DATA SUPPLIED:
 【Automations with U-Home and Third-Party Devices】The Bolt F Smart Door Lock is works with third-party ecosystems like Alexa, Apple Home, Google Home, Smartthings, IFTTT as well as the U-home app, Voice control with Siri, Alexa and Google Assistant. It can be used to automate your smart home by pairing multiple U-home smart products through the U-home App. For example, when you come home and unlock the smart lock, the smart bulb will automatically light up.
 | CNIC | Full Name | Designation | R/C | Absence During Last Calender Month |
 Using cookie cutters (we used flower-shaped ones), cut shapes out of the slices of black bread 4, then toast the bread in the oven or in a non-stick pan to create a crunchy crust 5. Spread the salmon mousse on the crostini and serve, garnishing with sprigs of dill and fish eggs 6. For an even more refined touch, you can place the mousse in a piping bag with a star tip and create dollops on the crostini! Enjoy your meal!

---

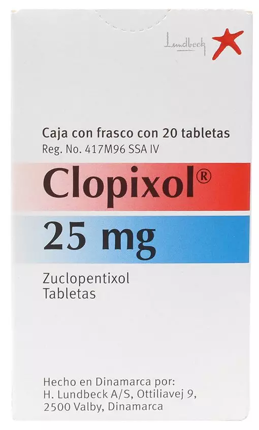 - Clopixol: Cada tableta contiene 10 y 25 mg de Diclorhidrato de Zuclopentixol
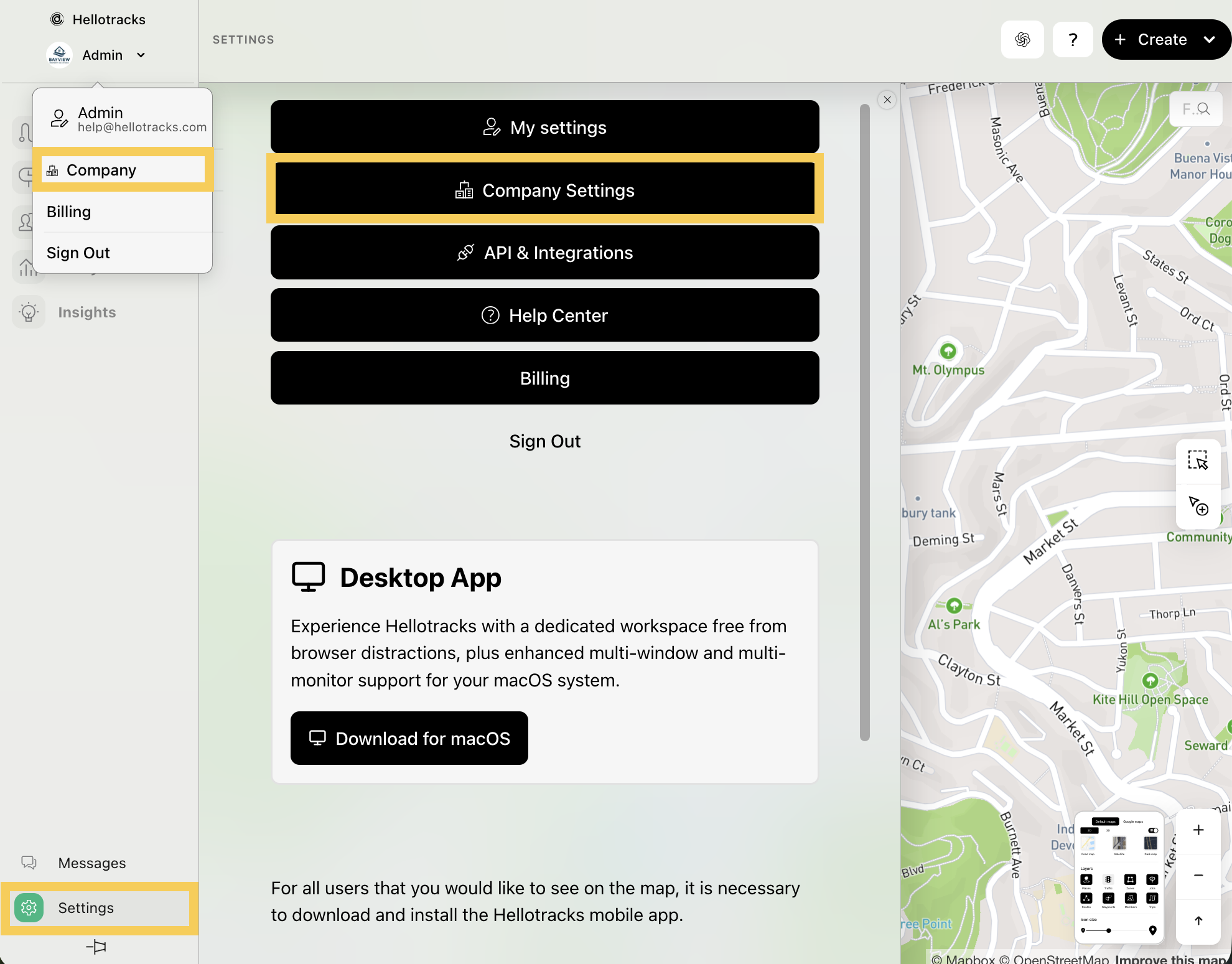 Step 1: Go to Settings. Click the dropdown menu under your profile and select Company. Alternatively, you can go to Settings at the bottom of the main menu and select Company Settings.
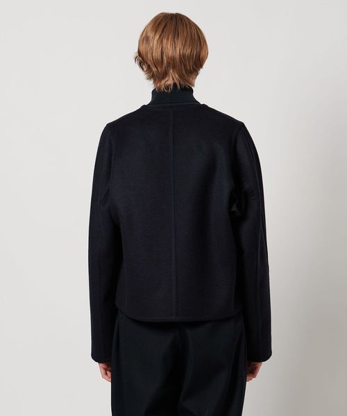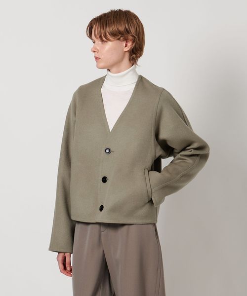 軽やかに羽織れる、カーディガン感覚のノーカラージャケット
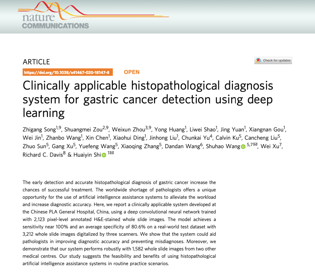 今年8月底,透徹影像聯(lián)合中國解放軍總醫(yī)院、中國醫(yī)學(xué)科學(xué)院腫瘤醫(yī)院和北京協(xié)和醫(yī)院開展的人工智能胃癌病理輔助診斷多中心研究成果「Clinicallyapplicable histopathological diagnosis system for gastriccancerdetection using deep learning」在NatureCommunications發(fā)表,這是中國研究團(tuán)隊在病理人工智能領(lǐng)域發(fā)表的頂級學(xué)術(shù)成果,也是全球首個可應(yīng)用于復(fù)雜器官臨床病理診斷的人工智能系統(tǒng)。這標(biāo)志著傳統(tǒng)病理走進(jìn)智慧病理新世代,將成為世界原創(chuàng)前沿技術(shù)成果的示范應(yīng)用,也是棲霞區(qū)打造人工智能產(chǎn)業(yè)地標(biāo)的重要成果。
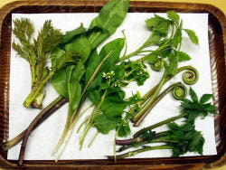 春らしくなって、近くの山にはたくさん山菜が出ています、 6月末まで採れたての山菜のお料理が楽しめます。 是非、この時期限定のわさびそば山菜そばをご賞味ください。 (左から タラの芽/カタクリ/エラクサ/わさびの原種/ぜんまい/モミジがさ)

GOAL OF THE EXERCISE:
For the word "used", say how many lines of the listing contain it; give the number alone.

YOUR RESPONSE:
2